Stronger oil, gas prices fuel Canadian 4Q earnings

March 24, 2003
A sample of oil and gas firms based in Canada shows that strong commodity prices substantially increased fourth quarter 2002 revenues and earnings.

A sample of oil and gas firms based in Canada shows that strong commodity prices substantially increased fourth quarter 2002 revenues and earnings. And while revenues also moved up for the entire year, net income declined slightly. TransCanada PipeLines Ltd., the only nonproducing company in the sample, reported slightly diminished earnings for the quarter.
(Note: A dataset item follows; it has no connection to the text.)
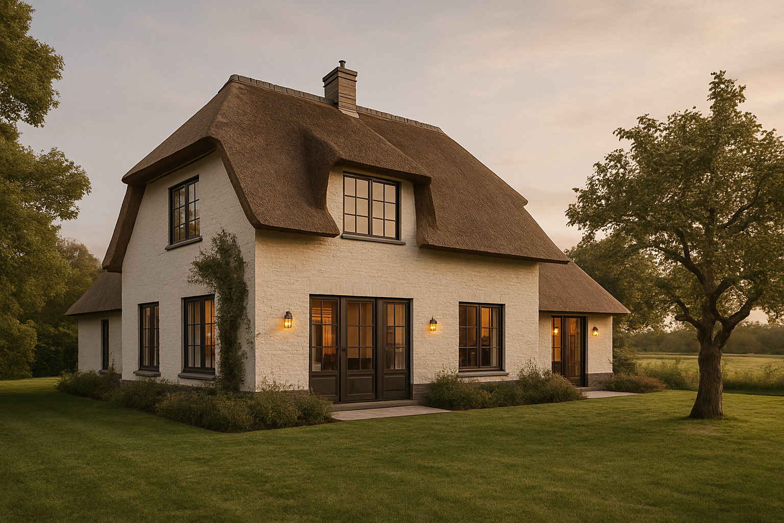 De gevel in kalkzandsteen en de subtiele landelijke details zorgen voor een warme, tijdloze uitstraling.
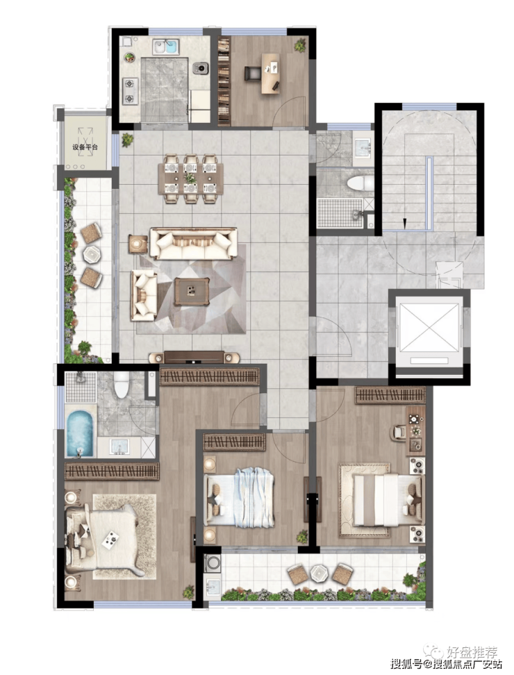 3.户型选择:根据家庭人口数量和居住需求,选择合适的户型。户型方正、南北通透、布局合理的房子更受欢迎。要注意房间的功能分区是否科学,动静分区是否明确,卧室、客厅、厨房等空间的尺寸是否合理,是否有浪费面积等问题。

All results are reported in Canadian dollars.

Company results

Calgary-based EnCana Corp. posted fourth quarter earnings of $429 million, up from $90 million a year earlier on stronger sales volumes. Natural gas sales increased 21% to 3.04 bcfd, as the company withdrew 149 MMcfd from storage to capitalize on strong seasonal prices. Sales of oil and NGLs were up 8%.
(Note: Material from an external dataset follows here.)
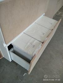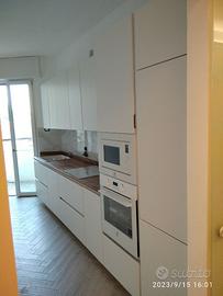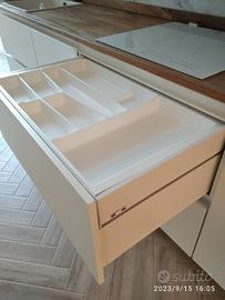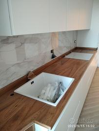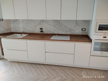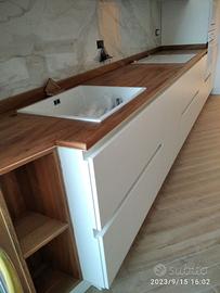 struttura cucina in laminato frontali laccati su listellare mdf bianco opaco, apertura ante cerniere ammortizzate in chiusura e gola in alluminio per apertura cassetti e ante, cassetti scorrono su guide ammortizzate in chiusura sponda alluminio, attaccaglie per i pensili con barra, zoccolo in alluminio h 12cm bianco con piedini livellatori. schienale 1 cm in laminato bianco, ripiani aggiustabili in altezza, compreso cesti per spazzatura 2 porta posate e scolapiatti e fondo in plastica per frigorifero. Varie tamponature. esclusi tutti gli elettrodomestici. Top lunghezza 275 prof. 62 spessore 3 cm circa (costruito a 3 strati) interno multistrato esterno cartelle di OLMO da 6 mm ambo i lati in modo da dare stabilità al tutto e non si muova nel tempo, alzatina posteriore da 6 cm finitura naturale idoneo per acqua. iva non comprendente. non disponibile a magazzino

For the fourth quarter, EnCana's average realized gas price was $5.11/Mcf, up 42% from the same period a year earlier. The firm's fourth quarter oil and NGL realizations were up 26%.

Imperial Oil Ltd., Toronto, announced stronger quarterly results but narrowly weaker annual earnings. Net earnings decreased in 2002 as a result of lower prices for natural gas, decreased production of crude oil, and weak markets for petroleum products through the first 3 quarters. Higher prices for crude oil, particularly bitumen, largely offset these factors, though.
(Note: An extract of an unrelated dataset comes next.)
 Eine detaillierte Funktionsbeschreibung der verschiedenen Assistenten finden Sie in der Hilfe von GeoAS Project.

Imperial's fourth quarter earnings increased sharply to $454 million, primarily due to higher prices for crude oil and natural gas and improved industry margins for petroleum products. Earnings also received a boost from decreased planned maintenance activities and lower environmental expenses.

Earnings from Imperial's chemicals segment were up by $1 million to $10 million for the quarter. Decreased chemicals margins partially offset higher polyethylene sales, however. For 2002, chemicals earnings were $52 million compared with 2001 earnings of $23 million. Improved margins during the first 3 quarters and higher sales volumes drove this increase.

Nexen Inc., based in Calgary, posted stronger earnings for the quarter and for the year. The company attributes its improved annual results to attractive oil and gas prices and stable production.

The firm's 2002 oil and gas output was unchanged from 2001 due to the delayed start-up of production at Aspen field in the Gulf of Mexico, weather and program delays in its North American natural gas production, and lower productivity from increasingly mature assets in Canada. With average oil and gas realizations at $35.14/boe, Nexen generated a cash netback of $15/bbl after deducting royalties, cash taxes, and operating costs.

Commenting on quarterly earnings, Nexen Pres. and CEO Charlie Fischer said, "Good prices, narrow quality differentials on our Masila (Yemen) production, and strong performance by our marketing group all contributed to fourth quarter results."